書くことで自由になれる

 昨日、なんでブログを書くんだろうみたいなはなしをしていたとき、「書いたら終わったことにできる感じがする」って言われた。

 小説も論文もプログラムもキャッチコピーも何もかも、文字として表出されることで、書き手というコンテキストから自由になることができる。次の瞬間、自分ではなくなっている。この感覚が得られることは、書くことの魅力のうちの一つである。昨日の自分の書いた文章を今日の自分で褒めることも、けなすこともできる。

 自分の気持ちや考えていることを、可読なかたちで流通させてしまうことは、どこか、抱えていたものをそっと自分の傍に退けられる気がする。インターネットは、流通させるための手軽で巨大なインフラストラクチャである。

 書かれたものは、自分というコンテキストから開放された「他人」であるから、言及される事柄との距離は自分で決めることができる。嫌だったらもっと遠くへ放ればいいし、気になればもっと近くへ手繰り寄せればいい。早く自由になりたくて、とてもプライベートなことをあえて流通させてしまう、ことも原理的には可能だ。それには、とっても高度なパッケージングが求められるけれど。ともかく、書くことが自己療養の手段たり得る根拠はここにあるのだろう。これには同意せざるを得ない。

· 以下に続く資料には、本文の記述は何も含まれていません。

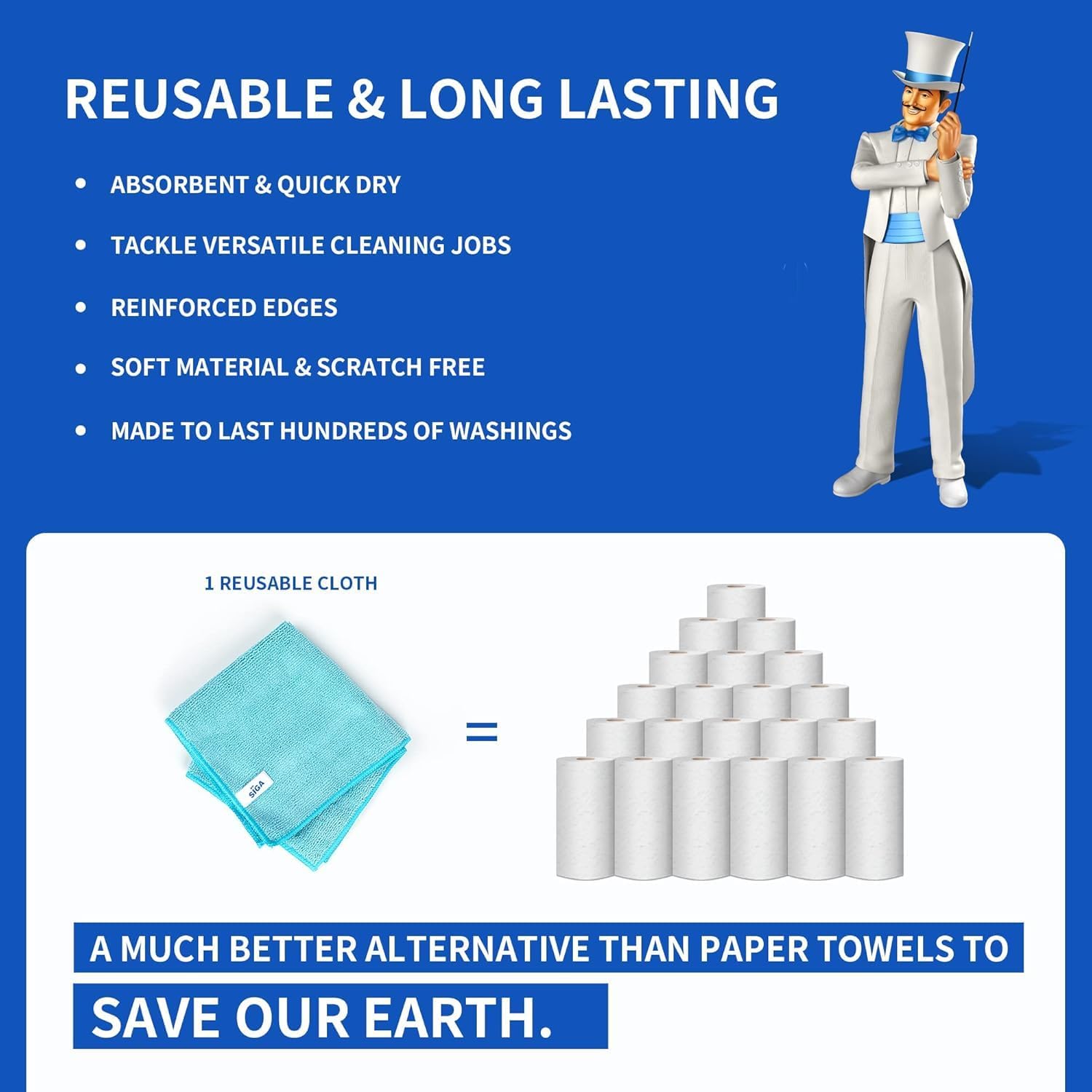 - MR.SIGA Microfibre Cleaning Cloth, Pack of 24, Size:12.6" x 12.6" (32X32CM)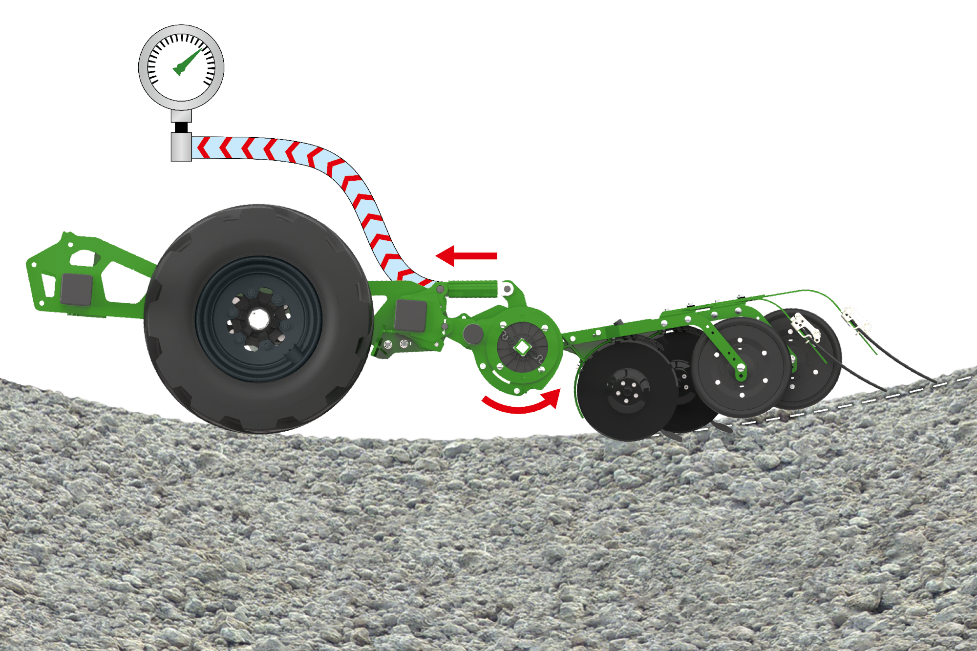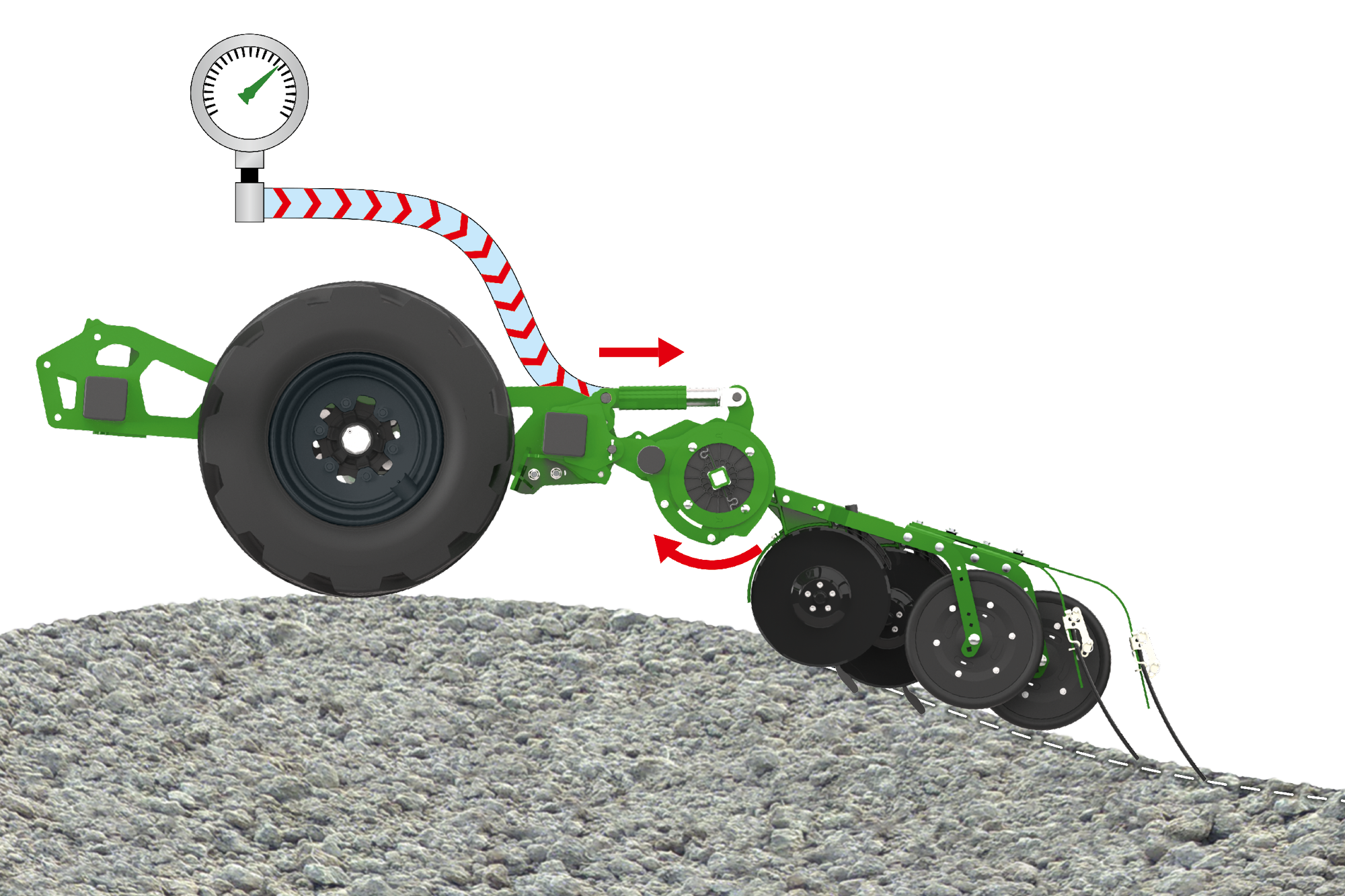 Aufgrund des hohen Schardrucks des TwinTeC plus-Doppelscheibenschars ist die Saat auch unter Mulchsaatbedingungen mit einem hohen Anteil organischer Substanz im Saatbett sehr präzise. Dank der innovativen Schardruckverstellung im Ölumlauf bleibt der Schardruck auch in stark kupiertem Gelände konstant, sodass die eingestellte Sätiefe sicher gehalten wird. Ebenso kann der Schardruck teilflächenspezifisch über Applikationskarten eingestellt werden.

 人に自分の話をすることが苦手だ。口で「言ったこと」は、容易に「他人」にならないからだと思う。下手したら、なに人ごとみたいにゆってるの自分のことでしょうって怒られそうな気がする。だから苦手だ。あんまり話せない。突き放していったことばでさえも、執拗に自分にまとわりつく。言ったことは、他人にならないゆえの困難さがある。

 よく話す子もいる。特に女の子。聞いてもないようなプライベートを聞かされることも、聞き入ってしまうこともある。男はすぐに勘違いするので、これは自分だけにはなしてくれてるんだろうな、うれしいって好意を抱いたりする。いや、そこから始まる恋もあるかもしれませんね。ともかく、あの子たちにとって話すことは、僕にとっての書くことなんだろうな、と了解するようにしている。

 たぶん、僕は、このさきもあまり話さず、書きたいときに書きたいように書くことで、自由になろうとするのだと思う。嫌なことは、書いて忘れたい派。まだしばらくは、書くことをやめられない。